Ethics Summary Template

Create

notes/ethics-summary.md

# Ethics/Governance Document Summary

**Source**: [filename]
**Extracted**: [timestamp]

## Study Identification
- **Protocol Title**: [extracted or "[not found]"]
- **Approval Number**: [extracted or "[not found]"]
- **Approving Body**: [IRB, IACUC, Ethics Committee, etc.]
- **Principal Investigator**: [extracted or "[not found]"]
- **Approval Date**: [extracted or "[not found]"]

## Study Design
- **Study Type**: [interventional/observational/retrospective/computational/etc.]
- **Design**: [RCT, cohort, case-control, cross-sectional, simulation, etc.]
- **Duration**: [study period]

## Population/Subjects
- **Target Population**: [description]
- **Inclusion Criteria**:
  - [criterion 1]
  - [criterion 2]
  - ...
- **Exclusion Criteria**:
  - [criterion 1]
  - [criterion 2]
  - ...
- **Sample Size**: [N with justification if provided]

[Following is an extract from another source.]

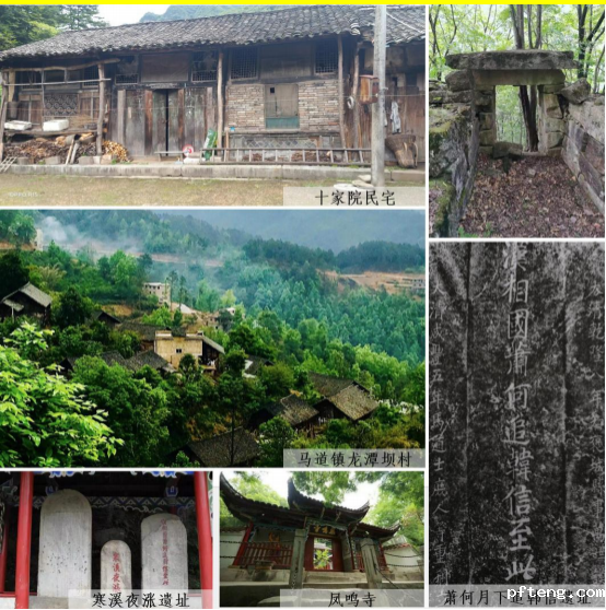 1.望中怀古·寒溪夜涨—龙潭坝村:龙潭坝村位于马道镇寒溪河上源,距马道镇约十公里,是“萧何月下追韩信”的历史故事发生地,“不是寒溪一夜涨,焉得汉室四百年”的寒溪之水源自龙潭坝。该村现存建筑81栋,其中传统民居61栋,民居按组团的方式沿着山谷内的道路和寒溪河呈带状散点式分布,村内75%的建筑多保持着传统样式,分散排列,传统风貌完好。2023年入选第六批中国传统村落、陕西省第六批历史文化名村、陕西省美丽宜居示范村。

## Procedures & Interventions
- [Procedure 1]
- [Procedure 2]
- ...

## Endpoints/Outcomes
- **Primary**: [endpoint]
- **Secondary**: [endpoints]

## Statistical Considerations
- **Power Analysis**: [if provided or "[not found]"]
- **Planned Analyses**: [if provided or "[not found]"]

## Notes
[Any additional relevant context, caveats, or sections that were unclear]

Mark fields as

[not found]

if not present in the document.

Step 6: Generate inventory.md

Create structured inventory document:

# Project Inventory

Generated: [timestamp]
Project: [folder name]

## Configuration

- **GitHub**: [url] (branch: [branch])
- **Target Journal**: [journal]
- **Word Limit**: [limit]
- **Citation Style**: [style]

## Papers ([count] files)

| Filename | Size | Notes |
|----------|------|-------|
| smith-2023.pdf | 1.2 MB | |
| jones-2022.pdf | 0.8 MB | |

## Data ([count] files)

| Filename | Size | Rows | Columns | Preview |
|----------|------|------|---------|---------|
| results.csv | 45 KB | 156 | 12 | patient_id, age, sex, ... |
| demographics.csv | 12 KB | 156 | 8 | patient_id, age, sex, ... |

## Figures ([count] files)

| Filename | Dimensions | Size |
|----------|------------|------|
| figure1.png | 1200x800 | 340 KB |
| figure2.png | 1000x600 | 210 KB |

## Code Repository

- **URL**: [github url]
- **Language**: Python
- **Key Files**:
  - `analysis.ipynb` - Main analysis notebook
  - `preprocessing.py` - Data preprocessing
  - `models.py` - ML models
- **Dependencies**: pandas, scikit-learn, matplotlib, ...

## Ethics Documents

| Filename | Format | Status |
|----------|--------|--------|
| protocol.pdf | PDF | ✓ Extracted to notes/ethics-summary.md |

*Or: "No ethics documents provided"*

## Summary

| Category | Count | Status |
|----------|-------|--------|
| Papers | [n] | ✓ Ready |
| Data files | [n] | ✓ Ready |
| Figures | [n] | ✓ Ready |
| Code repo | 1 | ✓ Cloned |
| Ethics documents | [n] | ✓ Extracted / Not provided |

## Missing/Warnings

- [List any issues found]

Output

Save to:

project/inventory.md

Create notes directory structure:

mkdir -p notes/papers notes/papers-library drafts

Return to parent skill with inventory summary.